Che segreti vede nel Sile?

«Un senso di comunanza unico: ricordo un’uscita, passiamo davanti a una casa vicino a Villa Letizia e uno urla “Amico, potresti portarci da bere”. Tempo 10 minuti, tornando indietro, e a riva c’erano tre bottiglie di Prosecco. Tutti ormai mi conoscono, d’altronde il Sile è il mio ufficio. Mi chiedono di fermarmi per un caffè o di aiutarli con le potature».

Potature?

«Anni fa è caduto un platano dopo il ponte de fero. Con le barche abbiamo portato le motoseghe...».

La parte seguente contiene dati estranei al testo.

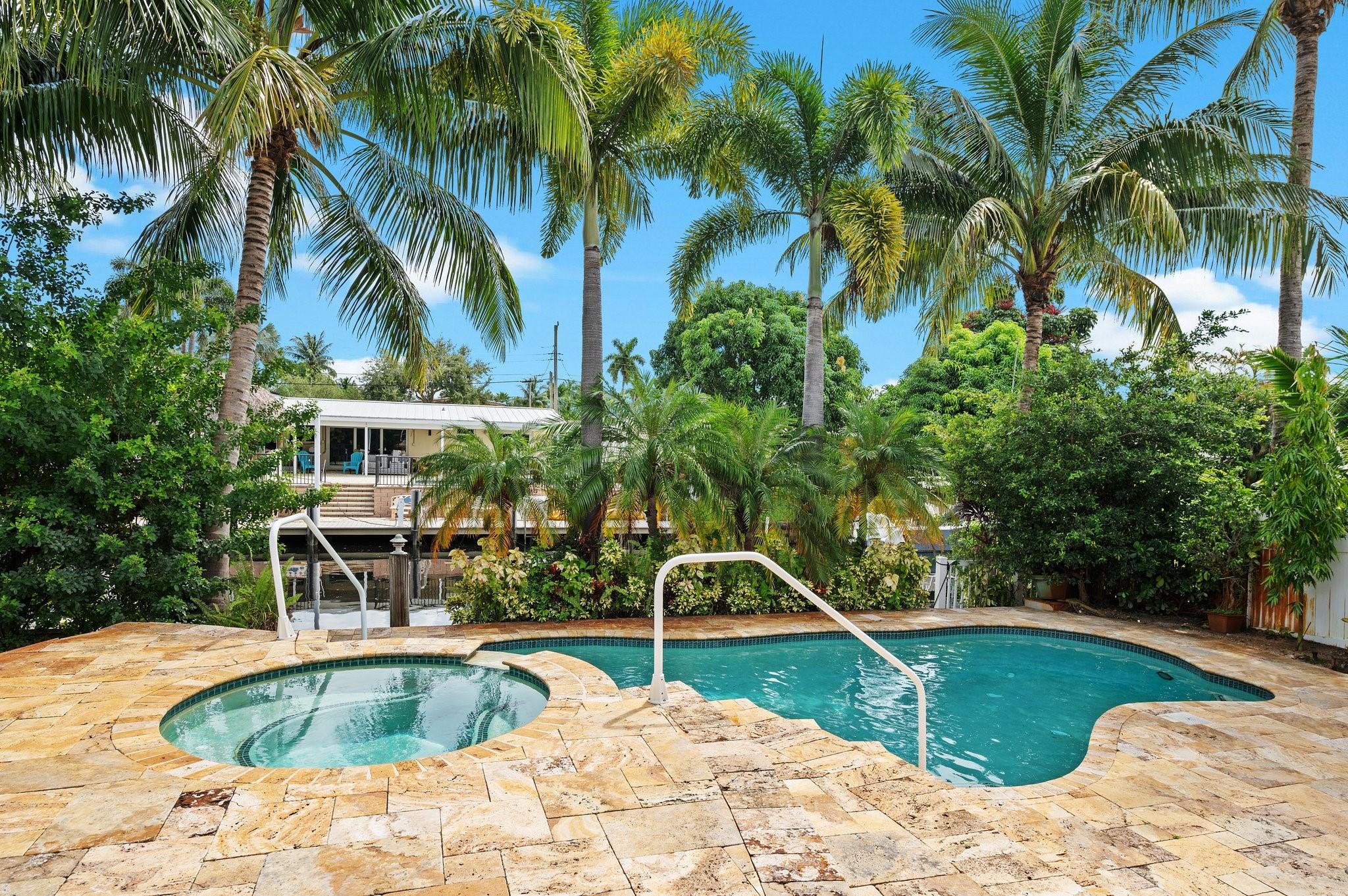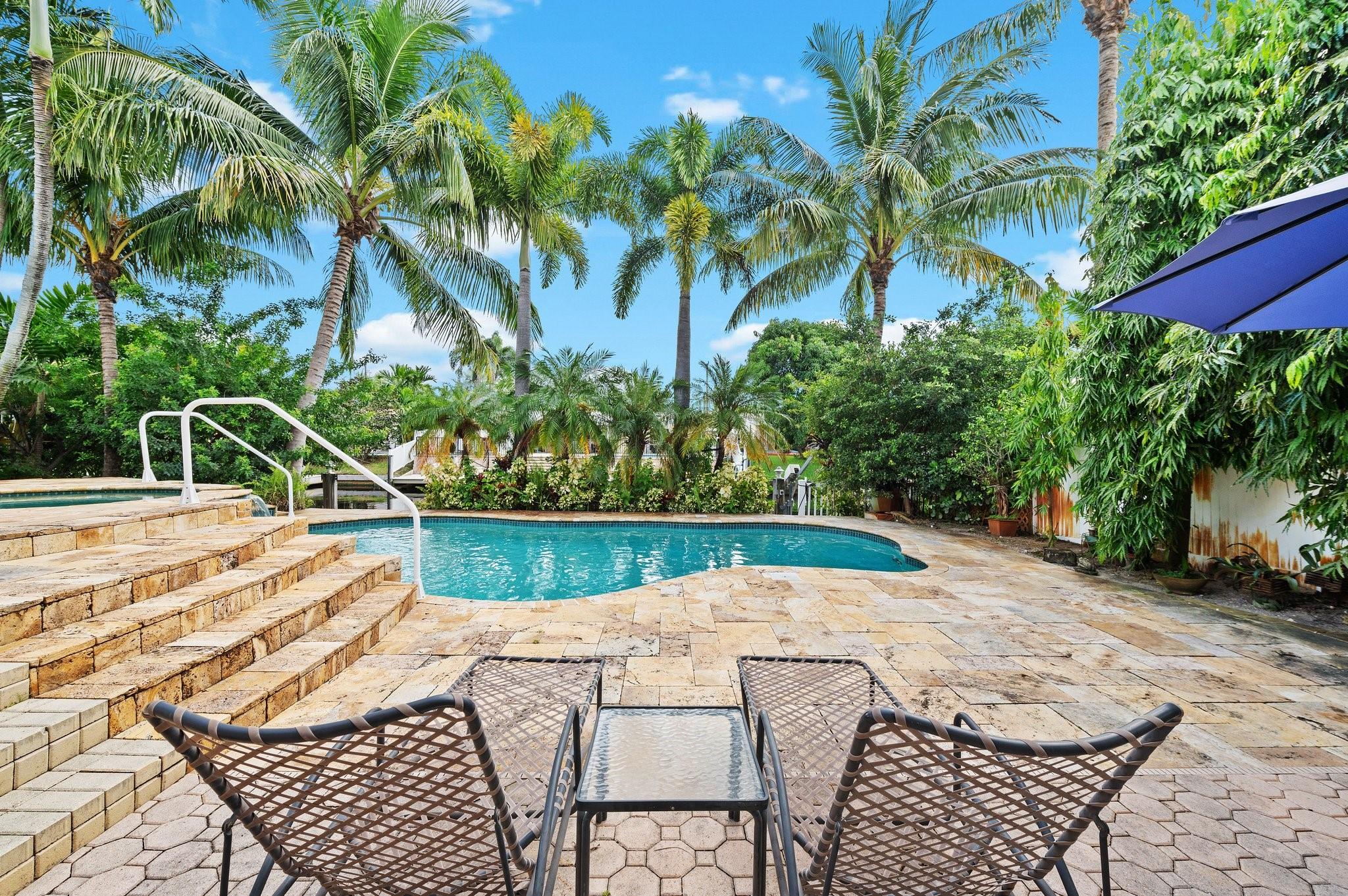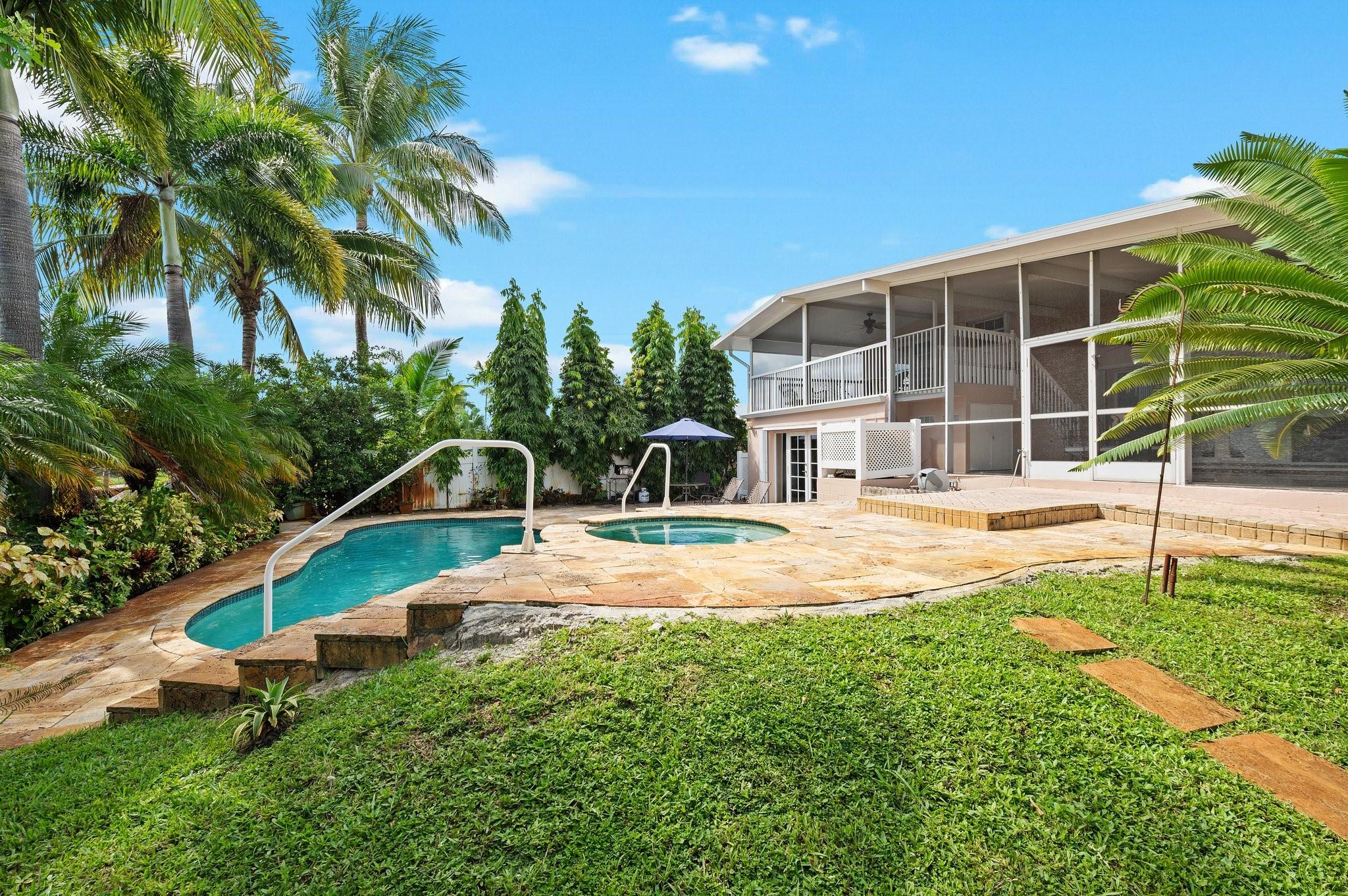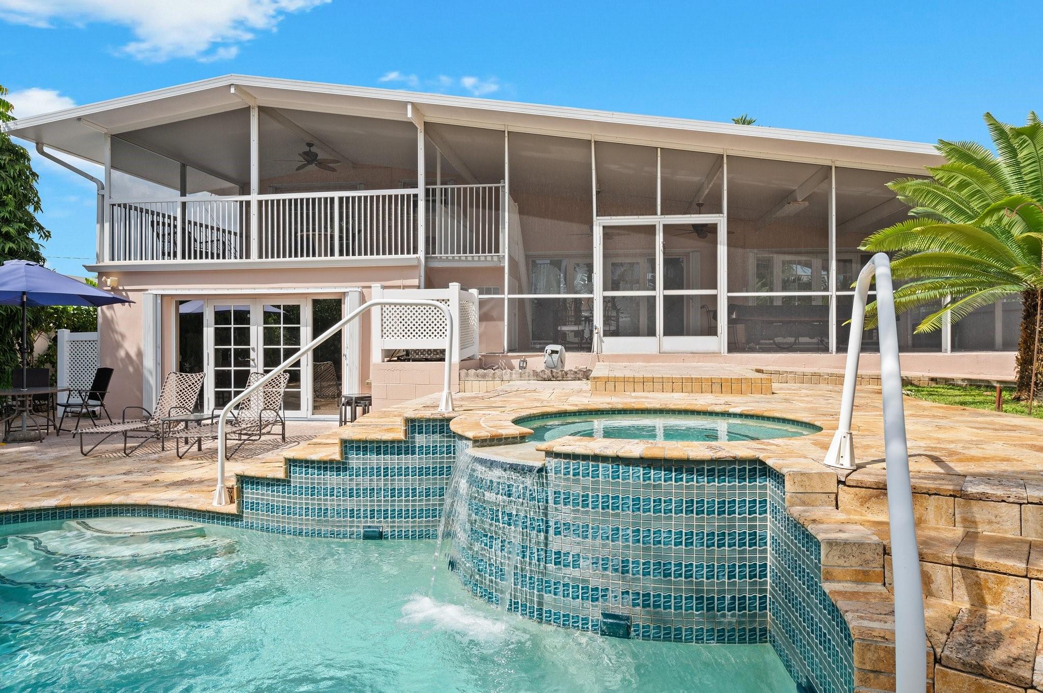 Live the waterfront lifestyle in this lovely tri-level home with ocean access & no fixed bridges to the ocean. Enjoy relaxing from your oversized screened patio and balcony overlooking the pool and tropical landscape. The bright, open layout features 3 bedrooms, 2 baths + a bonus room (perfect for an office) and a new 2023 barrel tile roof. Relax in your heated pool & spa, or set sail from your 65’ of waterfront with a 50’ dock. Covered parking offers direct kitchen entry for added convenience. Prime location near highways, the airport, beaches, and a community boat ramp.

La più curiosa? «Una volta sotto Ponte Ottavi abbiamo recuperato un sacchetto nero con dei vasetti chiusi, dentro c'erano dei cuori di gallina con uno spillo. Un rito voodoo».

Che altro nasconde?

«Elenco lunghissimo. Limitiamoci alla porcellana».

Il prossimo passo?

«Mi piacerebbe realizzare una spiaggetta, tra porta Calvi e ponte de fero, come in Francia: asciugamano, Sile e sole. E un lab dello sport; andare a prendere i ragazzi a scuola, il doposcuola alla Canottieri e poi tutti in barca. Siamo in controtendenza, nella società dello smartphone. Da noi il cellulare non esiste, si socializza. È la famiglia del Sile».

 


La scheda

 

Nicola Romano, istruttore e organizzatore di tutte le attività sul fiume della Canottieri Sile, è nato a Treviso nel 1972. Suo padre Francesco è stato una delle colonne della società sorta di fronte al Siamic, suo fratello Andrea ha vinto diversi titoli italiani di canottaggio. Ha lavorato per 25 anni dalle Sorelle Ramonda, noto negozio di abbigliamento, diventando il “frontman” dello store e apprendendo le tecniche del marketing. Poi la scelta di “tornare a casa”, nel 2019. Spostato con Francesca, ha due figlie, Maddalena e Camilla, come lui appassionate del Sile.